Ja, dat is wat kunst moet zijn, denk je dan, dwars door alles heen, aan een breder publiek vragen stellen over hoe we samen kunnen leven. Maar wie is die ’iedereen’ voor wie de tekst bedoeld is? Wat met de dwingende idee vandaag dat kunstenaars en musea alleen maar bestaansrecht hebben als ze via participatie, activisme of kunsteducatie alle lagen van de bevolking bereiken? Als kunstenaar toon je tegenwoordig maar beter je maatschappelijke engagement door je in die zin te distantiëren van de ‘de elitaire, narcistische kunstwereld’ en interactie op te zoeken met tal van maatschappelijke sectoren en deelgebieden. Maar is zo’n verbeelding van het kunstenaarschap net geen voorwendsel om de maatschappij te behouden zoals ze is?

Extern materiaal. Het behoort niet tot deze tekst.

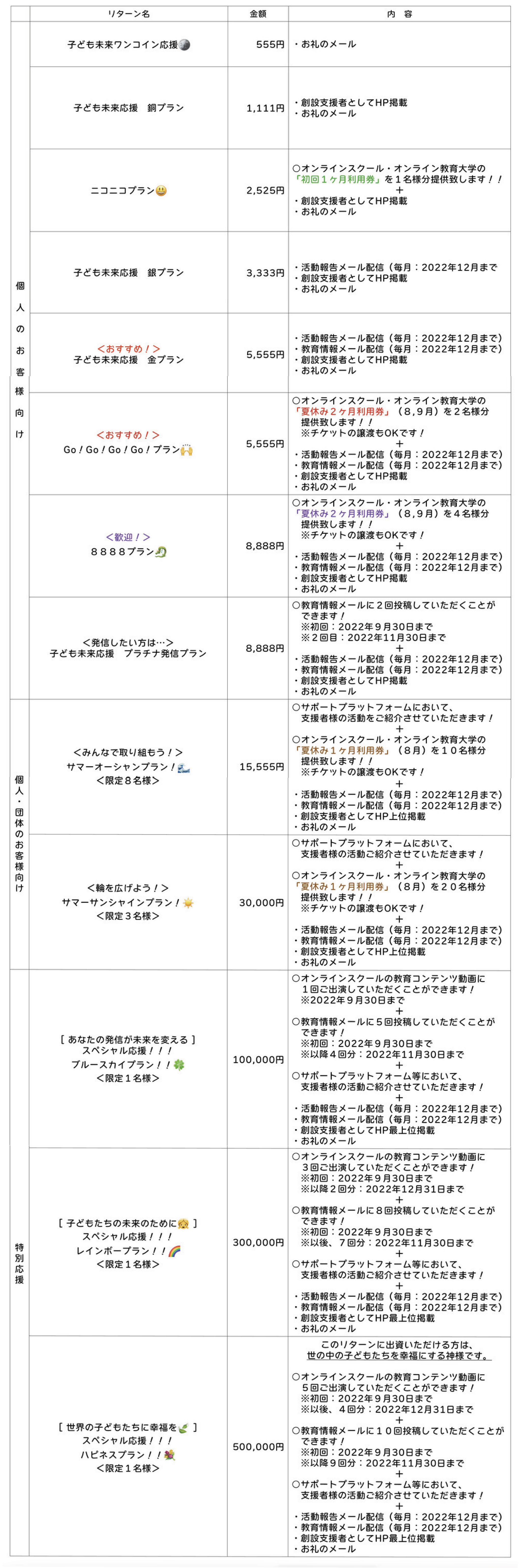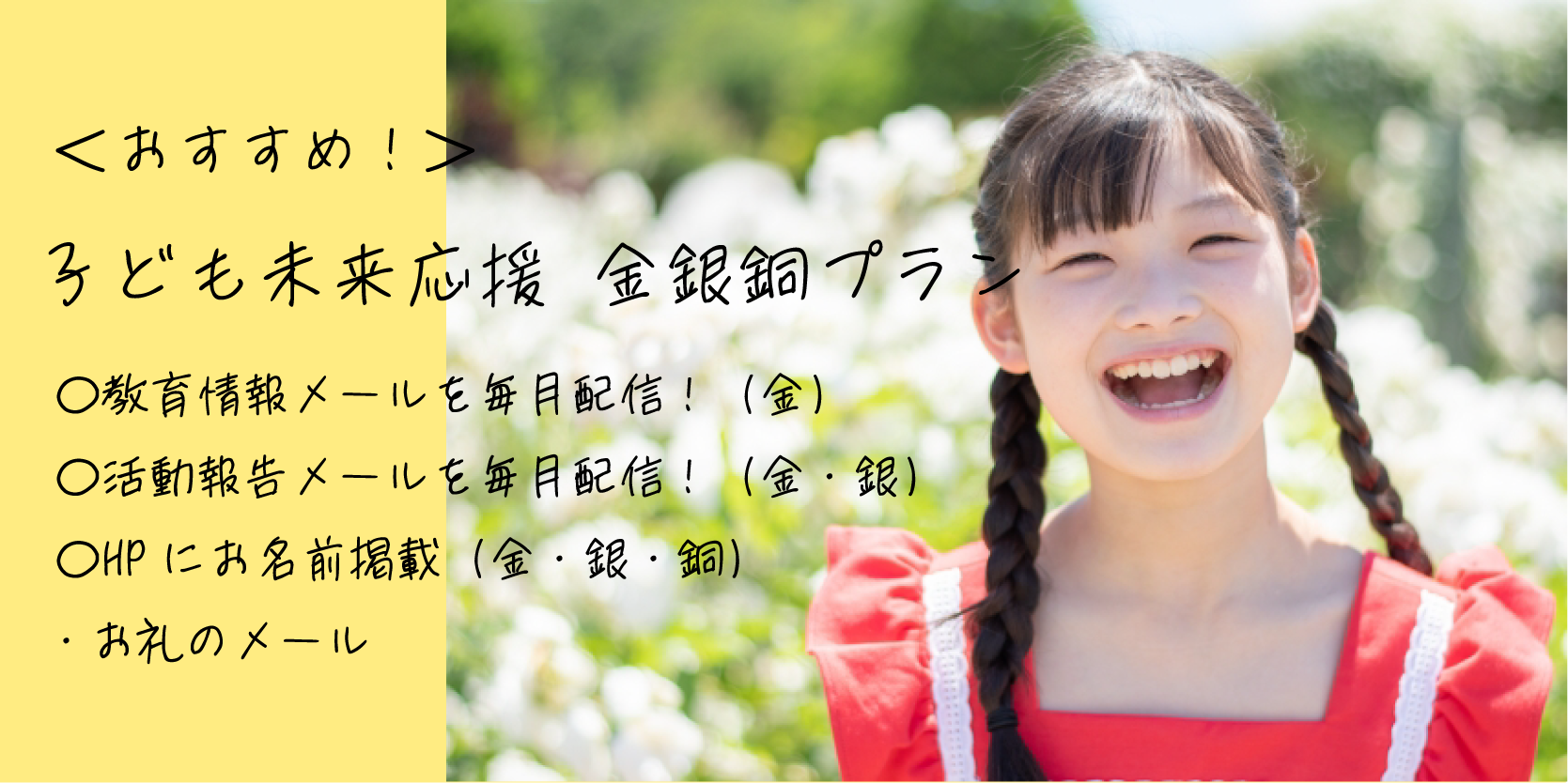 ※なお、こちらのプランには、教育情報メールへの投稿券(2回分)がついてくる「子ども未来応援 プラチナ発信プラン(8,888円)」も御座います。詳細につきましては、リターン一覧でご確認ください。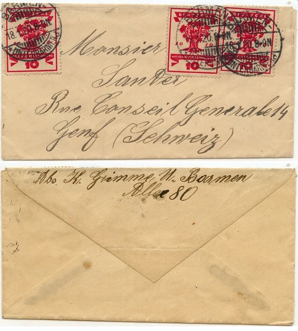 Abgestempelt in Barmen - Unterbarmen am 18.1.1920 und versendet nach Genf (Schweiz)

En misschien is deze ‘Lecture For Every One’ vooral ontstaan uit het fantaseren over een publiek. De samenleving als een optelsom van verschillende maatschappelijke groepen, is een bepaalde idee of verbeelding van het samen leven, van het publieke. Thuis zal ik met mijn vriend discussiëren of ‘het aanspreken van mensen op straat’ al dan niet een eenzijdige benadering is van de publieke ruimte. Na een generatie van kunstenaars die de pleinen en straten in steden gebruikten om ‘het brede publiek‘ te bereiken, dringt Sarah Vanhee binnen in organisaties en instituties, ontmoetings- en gespreksplaatsen, om een ingebeeld publiek te creëren, misschien zelfs af te dwingen. Doet het samen leven zich dan op deze plaatsen voor? Het publiek blijft als fantasie bestaan, want na de lezing verlaat ze het gebouw, om ruimte te geven aan de discussie die er misschien op volgt. En omgekeerd fantaseert het publiek zich dan de kunstenaar. ‘Ah oké, dit kan ook kunst zijn!’ ‘Was dit theater of een uiting van burgerschap?’ En waarschijnlijk is die vraag voor velen niet interessant.

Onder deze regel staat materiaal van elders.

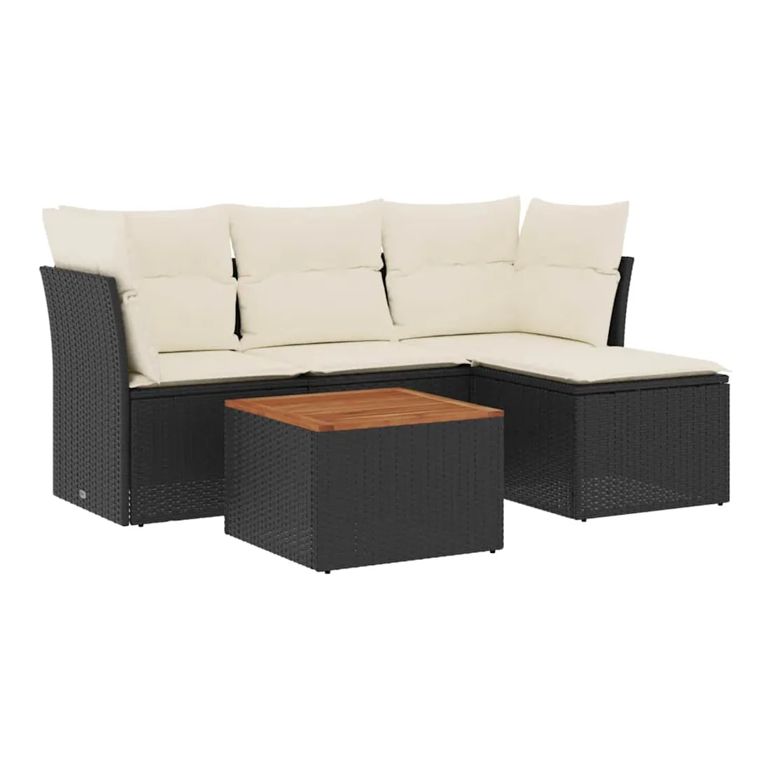 Cet ensemble de canapés de jardin est le complément parfait de votre arrière-cour, terrasse ou patio, offrant un espace confortable et accueillant pour discuter avec la famille et les amis ou simplement se détendre et profiter de l'extérieur. Matériau durable : la résine tressée, également connue sous le nom de poly rotin, est un matériau synthétique solide et nécessitant peu d'entretien qui ressemble au rotin naturel. Il est léger, facile à nettoyer et couramment utilisé pour les meubles d'extérieur en raison de sa durabilité et de ses propriétés de résistance aux intempéries.Fonction de rangement avec sac résistant à l'eau : chaque siège de jardin dispose d'un espace de rangement sous l'assise, complété par un sac résistant à l'eau pour ranger les coussins, les jouets et d'autres objets. Les sacs intérieurs sont dotés d'un couvercle et peuvent être solidement fixés aux sièges à l'aide de bandes auto-agrippantes pour plus de stabilité.Dessus stable et facile à nettoyer : cette table de jardin a un dessus en bois d'acacia robuste, durable et facile à nettoyer avec un chiffon humide.Pouf polyvalent : le tabouret est polyvalent, servant de repose-pieds confortable lorsque vous vous prélassez sur le canapé ou de siège supplémentaire dans votre jardin.Conception modulaire : cet ensemble de meubles d'extérieur a une conception modulaire, ce qui le rend complètement flexible et facile à déplacer, afin que vous puissiez créer un agencement de meubles d'extérieur personnalisé. Bon à savoir :Pour que vos meubles d'extérieur restent beaux, nous vous recommandons de les protéger avec une housse imperméable.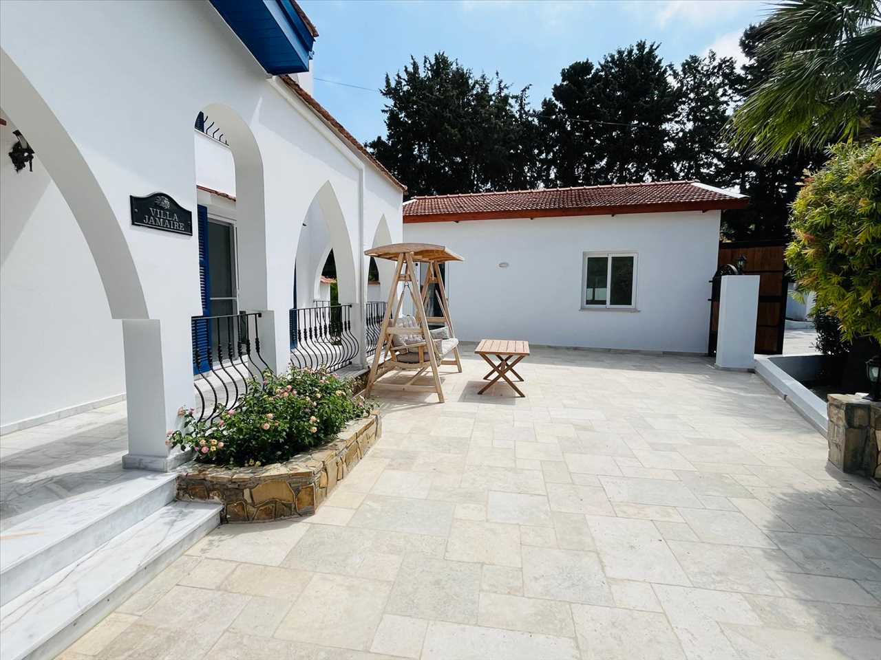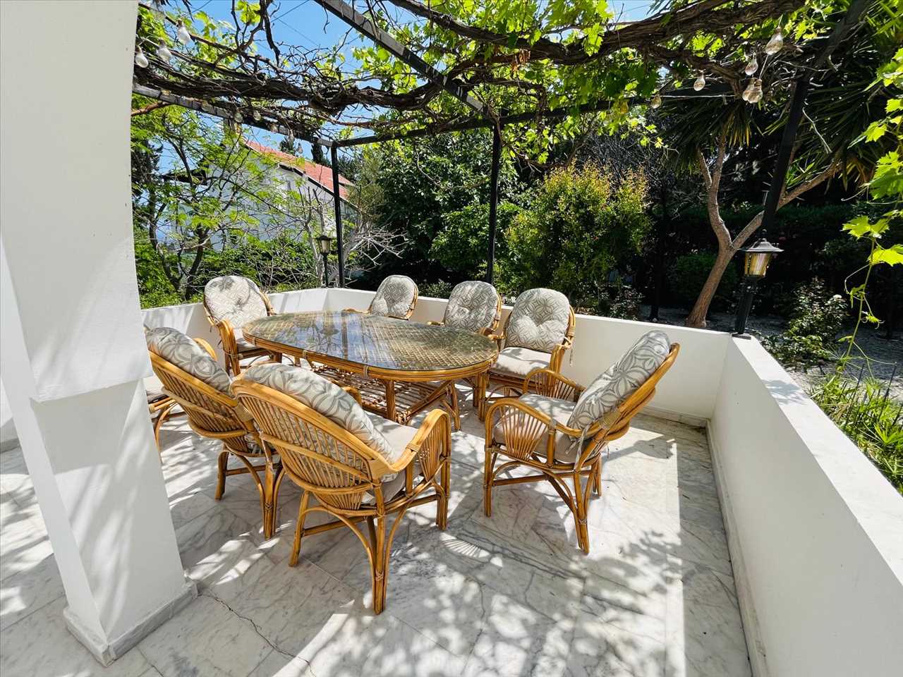 Spacious terrace off the kitchen with a lovely dining area under the grape vines

Je zou natuurlijk goud willen geven om te horen wat gezegd wordt, of wat blijft hangen bij de toehoorders. De leraar die Sarah Vanhee uitnodigde in zijn les, stamelt bij het buitengaan: ‘Mijn hoofd is even in de war, ik moet erover nadenken.’ Iemand anders vraagt: ‘Wat is de meerwaarde van deze lezing voor de cursus brandweermannen?’